From the Guidelines
The treatment for involved axillary lymph nodes in breast cancer patients typically involves surgical removal through axillary lymph node dissection (ALND) or sentinel lymph node biopsy (SLNB), followed by adjuvant therapy, with consideration of omitting further axillary surgery in patients with 1-2 positive sentinel nodes who undergo lumpectomy and whole-breast radiation, as supported by the ACOSOG Z0011 trial 1.
Key Considerations
- For patients with clinically positive nodes at the time of diagnosis, confirmed by FNA or core biopsy, or when sentinel nodes are not identified, a level I and II axillary dissection is recommended 1.
- The decision to perform axillary dissection or sentinel lymph node biopsy should be based on the patient's individual risk factors, tumor characteristics, and the potential impact on adjuvant systemic therapy 1.
- Radiation therapy to the axilla may be recommended, typically delivered at doses of 45-50 Gy over 5 weeks, and systemic therapy may include chemotherapy regimens, endocrine therapy, or targeted therapy, depending on the patient's disease characteristics 1.
Surgical Management
- A level I and II axillary dissection involves removing 10-40 lymph nodes, and may be performed in patients with positive sentinel nodes or clinically positive axillary nodes 1.

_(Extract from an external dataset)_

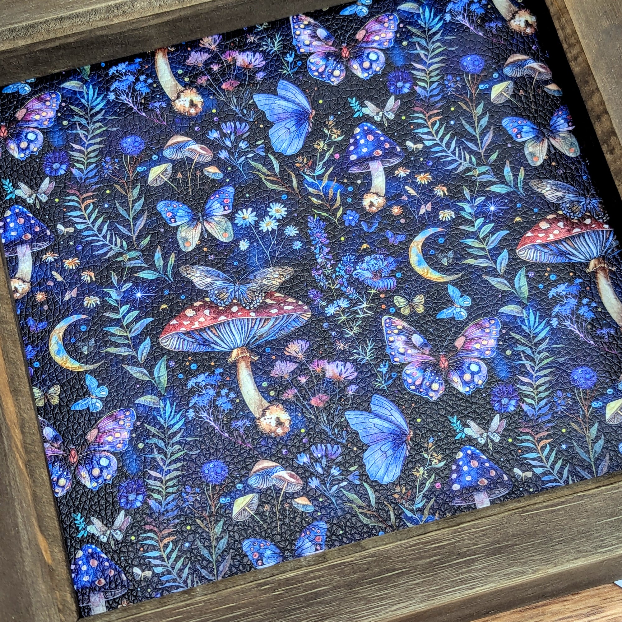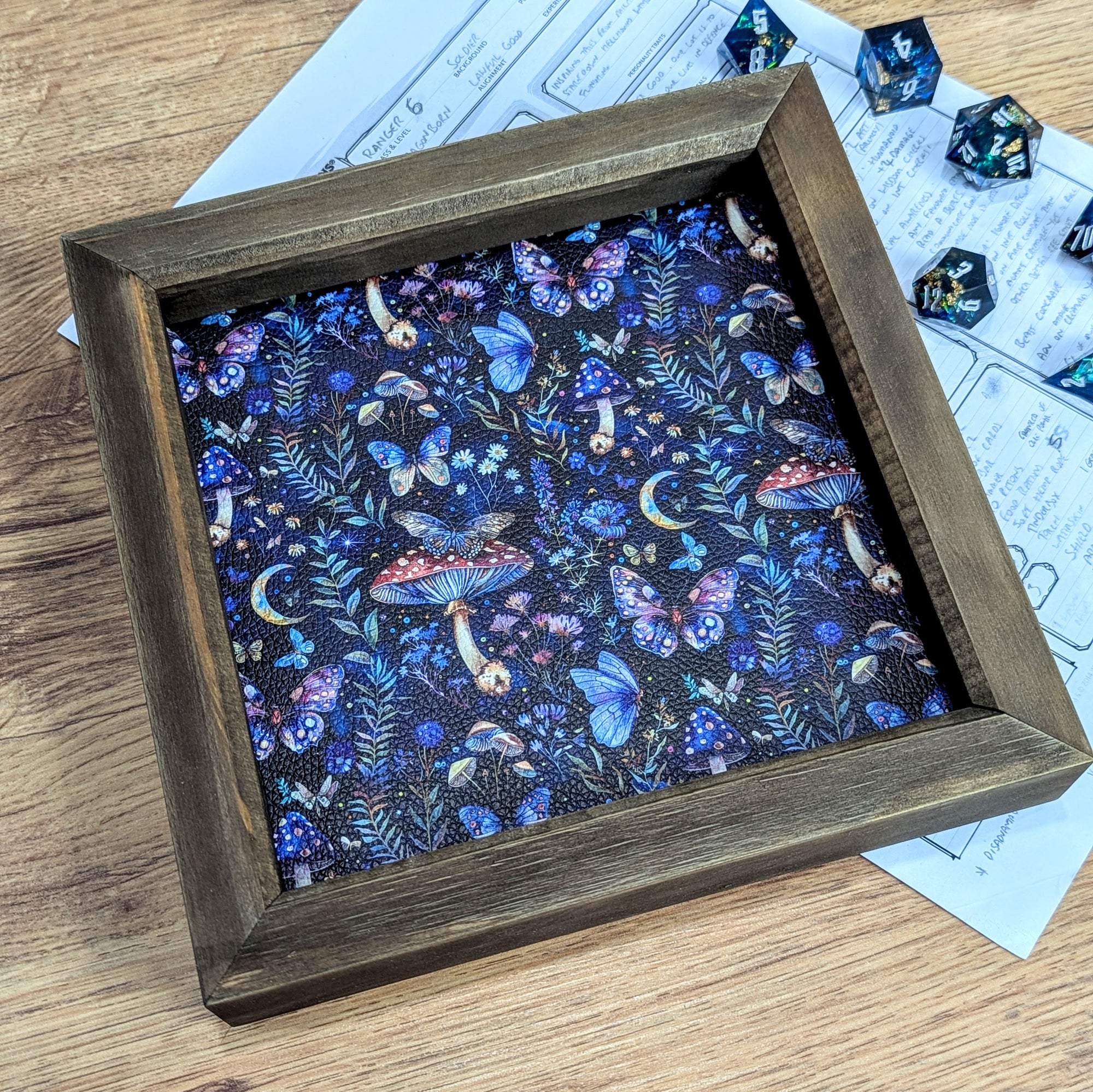 One set of 7 premium sharp edged polyhedral dice, made from clear resin encapsulating a red cap mushroom on a bed of faux grass, finished with silver numbering in a fantasy font. Please note some of the fine grass fibres can be seen in the clear resin upclose, under lights but this is not considered a fault - see photos for details.

- Sentinel lymph node biopsy is the standard approach in patients presenting with a clinically negative axilla, and may be sufficient for patients with 1-2 positive sentinel nodes who undergo lumpectomy and whole-breast radiation 1.
Adjuvant Therapy
- Systemic therapy is essential in the treatment of breast cancer with involved axillary lymph nodes, and may include chemotherapy regimens such as dose-dense AC-T, TC, or TAC, as well as endocrine therapy or targeted therapy 1.
- The choice of adjuvant therapy should be based on the patient's individual risk factors, tumor characteristics, and the potential impact on recurrence risk and overall survival 1.
From the Research
Treatment for Involved Axillary Lymph Nodes
The treatment for involved axillary lymph nodes in breast cancer patients typically involves a combination of surgical and non-surgical approaches.
- Axillary lymph node dissection (ALND) is a common surgical procedure used to remove cancerous lymph nodes in the axilla 2, 3, 4.
- However, ALND can be associated with significant complications, such as numbness, seroma, lymphedema, and infection 2.
- Sentinel lymph node biopsy (SLNB) is a less invasive alternative to ALND, which involves removing only the first lymph node to which cancer cells are likely to spread 5.
- For node-positive patients treated with neoadjuvant chemotherapy, restaging of the axilla with ultrasound (US) and MRI, and targeted axillary dissection in addition to SLNB, is highly recommended to minimize the false-negative rate of SLNB 5.
- The number of lymph nodes retrieved during axillary dissection can impact overall survival, with retrieval of approximately 20 lymph nodes associated with improved survival 4.
Diagnostic Approaches
Diagnostic approaches, such as axillary ultrasound (US), MRI, and US-guided biopsy, play a critical role in assessing nodal disease burden and guiding treatment decisions 5, 6.
- Axillary US has been shown to be highly sensitive and specific in detecting level II and III axillary lymph node metastasis after axillary lymph node dissection for invasive breast cancer 6.
- US features, such as an increase in lymph node diameter, a low Solbiati index value, and the presence of new suspicious lesions, can be predictive of lymph node metastasis 6.
Multidisciplinary Treatment Decision Making
Multidisciplinary treatment decision making is critical in the management of involved axillary lymph nodes, involving close collaboration between breast radiologists, surgeons, and other healthcare professionals 5.
- Accurate assessment of axillary lymph node involvement is essential in staging breast cancer and guiding treatment decisions 5, 3.
- Emerging evidence suggests that axillary lymph node dissection may be avoided in selected patients with node-positive as well as node-negative cancer, highlighting the need for individualized treatment approaches 5.